Fiscalização em tempo real vai controlar exploração das florestas

A ministra do Meio Ambiente, Marina Silva, disse que o governo deverá fiscalizar, em tempo real, os processos de exploração das florestas públicas do país. “Estamos criando um sistema de monitoramento por satélite só para a exploração florestal, que seja em tempo real, exatamente para evitar que a gente tenha que depois chorar sobre o leite derramado”, afirmou em entrevista à Rádio Nacional.

Na última quarta-feira, foram abertos os envelopes dos oito concorrentes que participam do primeiro processo de licitação de floresta pública. Eles disputam três lotes da Floresta Nacional do Jamari, localizada em Rondônia.

A ministra destacou que irá ganhar a concessão para exploração da floresta a empresa que tiver a melhor proposta do ponto de vista ambiental, social e econômico. “A proposta ambiental que faça esse manejo tem que ser altamente rigorosa e cuidadosa para que a exploração seja também uma estratégia de conservação.

Em segundo lugar, que tenha capacidade de rendimento do ponto de vista econômico para que possamos maximizar os lucros, as vantagens, os benefícios econômicos. Até porque há um grande desperdício quando você não é capaz de processar a matéria prima, de agregar valor, e isso leva a essa atividade de rapina, em que precisa avançar sobre mais e mais aéreas”.

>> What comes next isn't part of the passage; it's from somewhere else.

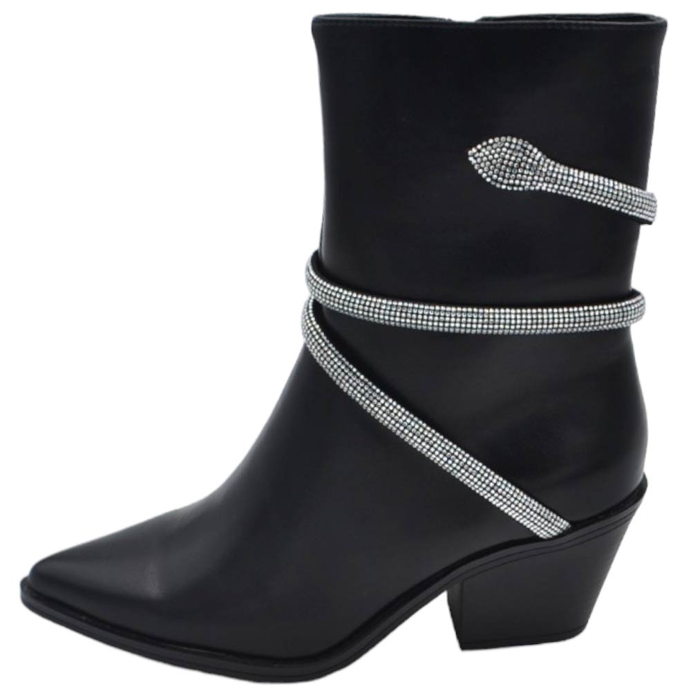 Stivaletti tronchetti donna a punta nero con tacco western 4 cm cordoncino di strass avvolgente alla caviglia moda

“E em terceiro lugar, que seja capaz de gerar benefícios sociais, porque, afinal de contas, você tem na Amazônia mais de 20 milhões de seres humanos que precisam viver com dignidade”, completou a ministra.

A empresa que vencer o processo de licitação terá o direito de concessão por 40 anos. De acordo com Marina Silva, o tempo foi estipulado a partir do ciclo de regeneração das florestas, que, segundo ela, é de no mínimo 30 anos.
“Você não pode fazer um processo em que cada um fique dez anos, 15 anos e 20 anos e deixa o problema para o que virá. A pessoa que ganha a licitação completará um ciclo em que ela poderá ser avaliada se, de fato, aquela floresta está sendo regenerada. Agora, se for identificado que ela não está cumprindo as regras, o contrato poderá ser rompido pelo poder público”, concluiu.

Segundo a ministra, a fiscalização dos processos de exploração será feita pelo Ibama (Instituto Brasileiro do Meio Ambiente e dos Recursos Na-turais Renováveis), pelo SFB (Serviço Florestal Brasileiro) e pelos órgãos estaduais e municipais que integram o Sinama (Sistema Nacional do Meio Ambiente).

Uma área de 96 mil hectares de floresta é a primeira da Amazônia a ser licitada com amparo da Lei de Gestão das Florestas Públicas, que concede a empresas privadas o direito de exploração de áreas da floresta amazônica por períodos de até 40 anos. A área licitada da Jamari equivale a mais de duas áreas da cidade de Curitiba, no Paraná (ou 53.333 campos de futebol).

Criada pelo governo Lula com a finalidade de evitar a grilagem de terras da Amazônia e promover um desenvolvi-mento sustentável da floresta, a lei permite que concessionárias explorem áreas – pré-determinadas pelo Ibama, como “áreas de manejo” -, extraiam produtos da terra e comercializem.

Ambientalistas questionam execução

Os objetos a serem explorados na região são produtos da floresta, como madeira, frutos e sementes, e serviços, como o ecoturismo. As concessionárias vencedoras assinarão um contrato que poderá ir de cinco a 40 anos. “Vai depender única e exclusivamente do governo o sucesso dessa concessão”, diz Roberto Smeraldi, diretor da Organização Amigos da Terra – Amazônia Brasileira.
“A lei tem vários problemas e limitações, mas é inquestionável que é preciso estabelecer concessões na Amazônia”.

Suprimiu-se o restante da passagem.